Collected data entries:
"""

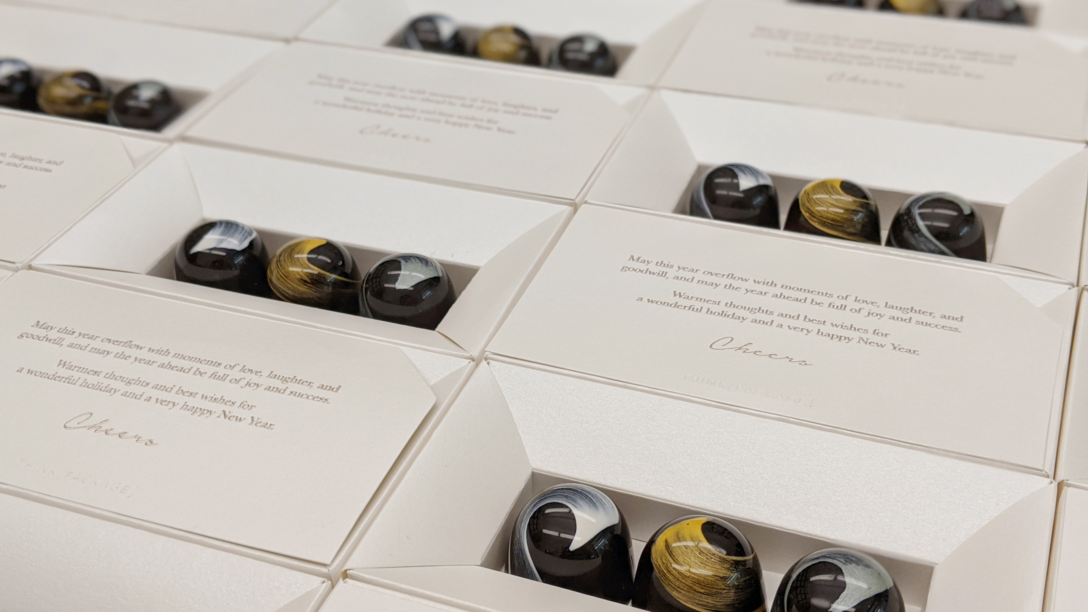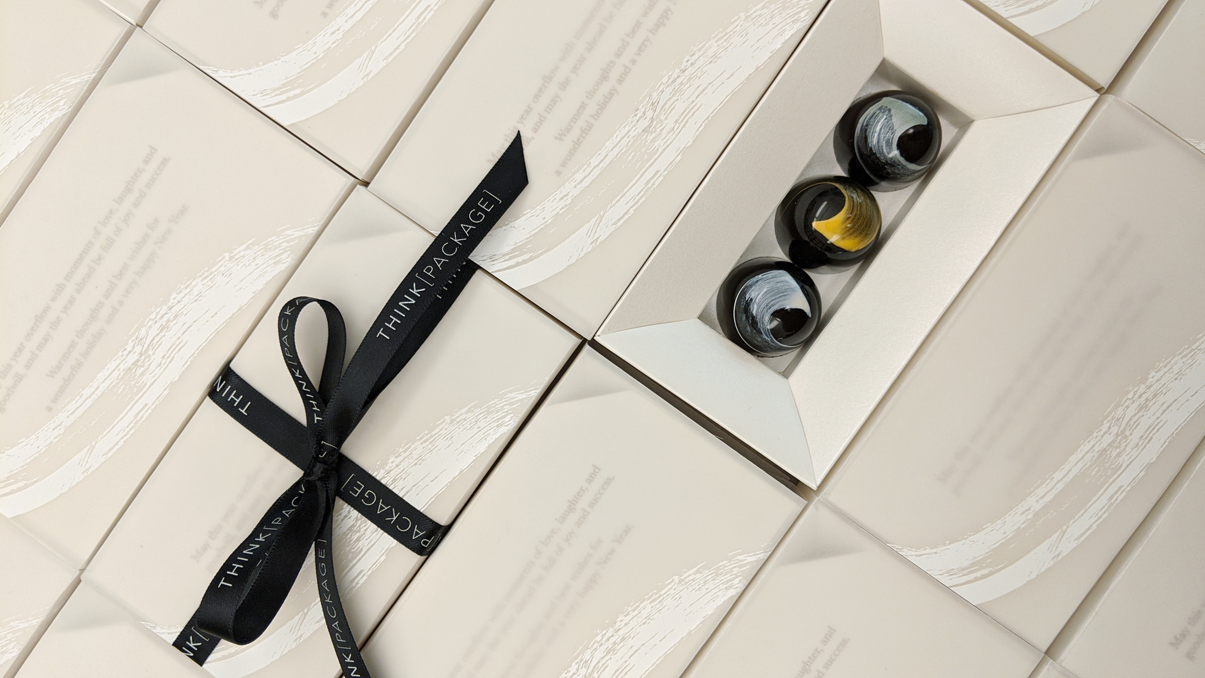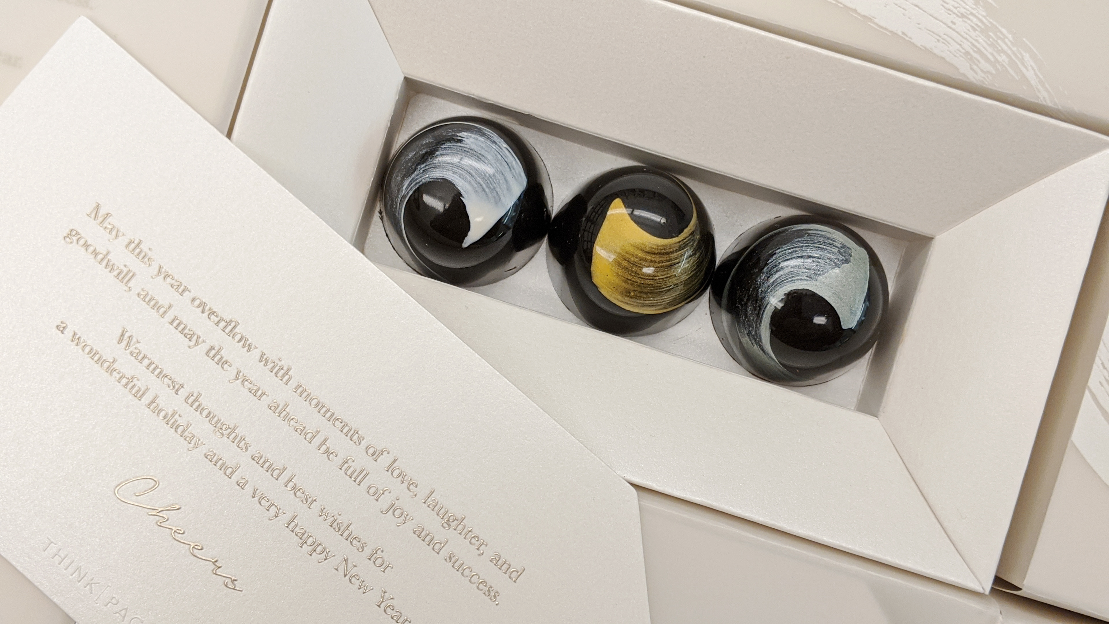 The Thinkpackage Holiday Box is one of the annual gifts to thank our beloved clients. For 2019, we have chosen to feature Stick With Me's beautiful handmade chocolate bonbons, with its chocolate artwork uniquely created for this gift box.
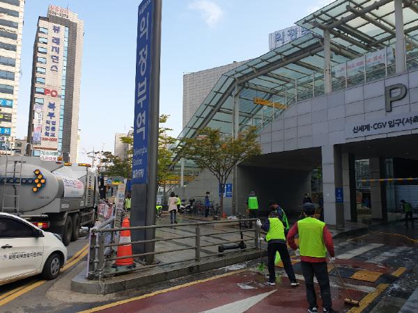 현재 운영 중인 뉴딜근로자와 양 기관의 직원 참여로 의정부역 서부광장 주변의 노숙인으로 인한 악취와 위생문제 해결 및 쾌적하고 안전한 환경 조성을 위해 물청소와 소독을 대대적으로 전개하였다.
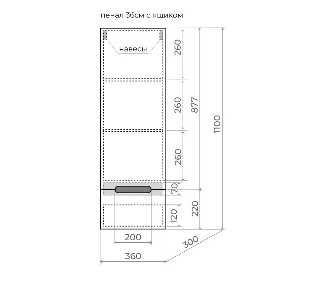 Колонна подвесная "Матис" 36 см, 1 ящик, Белый матовый, PLUS, ЭМАЛЬ
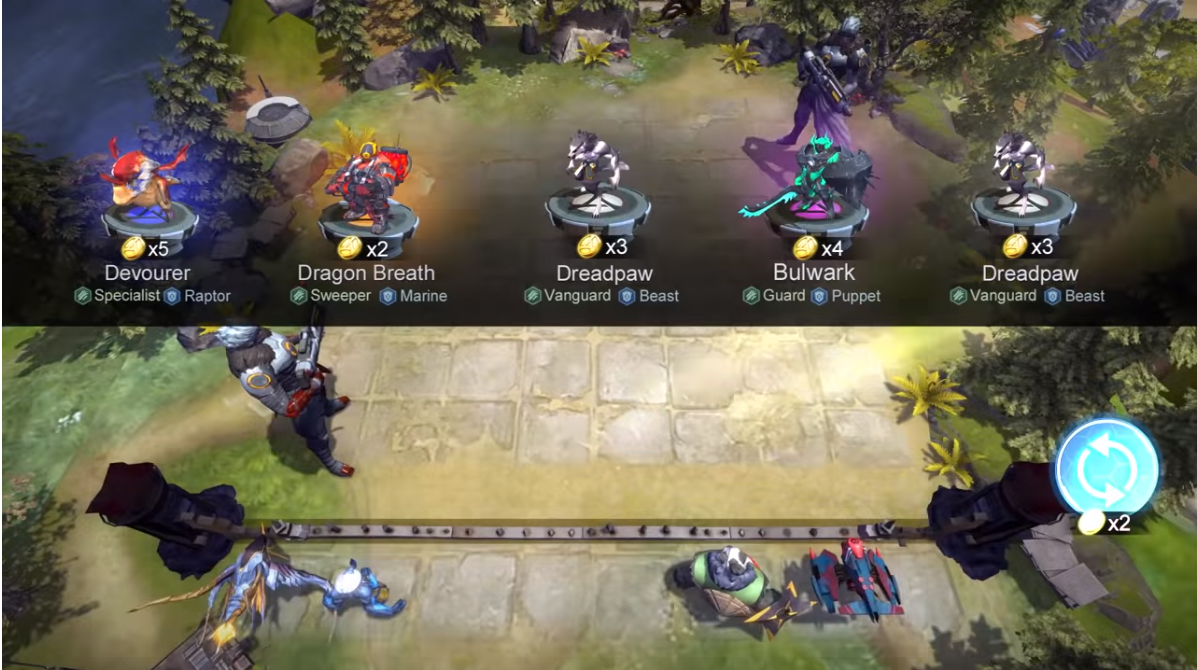 Cũng theo phong cách của Auto Chess người chơi sẽ xây dựng đội quân bàn cờ của mình bằng cách sử dụng tiền để mua lính và với 3 quân cờ giống nhau sẽ nâng cấp lên quân cờ mạnh hơn. Game cũng có những Class và tộc khác nhau để kết hợp hiệu ứng thú vị không thua gì DOTA 2 Auto Chess.
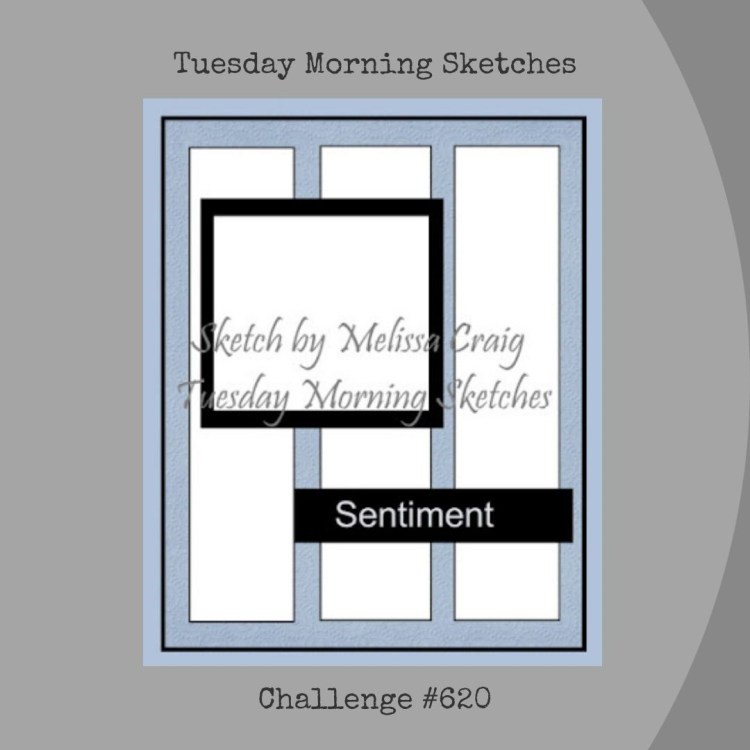 Sketch: Tuesday Morning Sketch Challenge (#620); Color: Stampin’ Up! Colour Facebook Challenge (August); Materials: Double Trouble Challenge (#91).

"""

Action item: At the line containing "현재 운영 중인 뉴딜근로자와", begin reproducing the entries word for word, and continue through their last line. Leave out the pictures.

Problem solution:
 현재 운영 중인 뉴딜근로자와 양 기관의 직원 참여로 의정부역 서부광장 주변의 노숙인으로 인한 악취와 위생문제 해결 및 쾌적하고 안전한 환경 조성을 위해 물청소와 소독을 대대적으로 전개하였다.
 Колонна подвесная "Матис" 36 см, 1 ящик, Белый матовый, PLUS, ЭМАЛЬ
 Cũng theo phong cách của Auto Chess người chơi sẽ xây dựng đội quân bàn cờ của mình bằng cách sử dụng tiền để mua lính và với 3 quân cờ giống nhau sẽ nâng cấp lên quân cờ mạnh hơn. Game cũng có những Class và tộc khác nhau để kết hợp hiệu ứng thú vị không thua gì DOTA 2 Auto Chess.
 Sketch: Tuesday Morning Sketch Challenge (#620); Color: Stampin’ Up! Colour Facebook Challenge (August); Materials: Double Trouble Challenge (#91).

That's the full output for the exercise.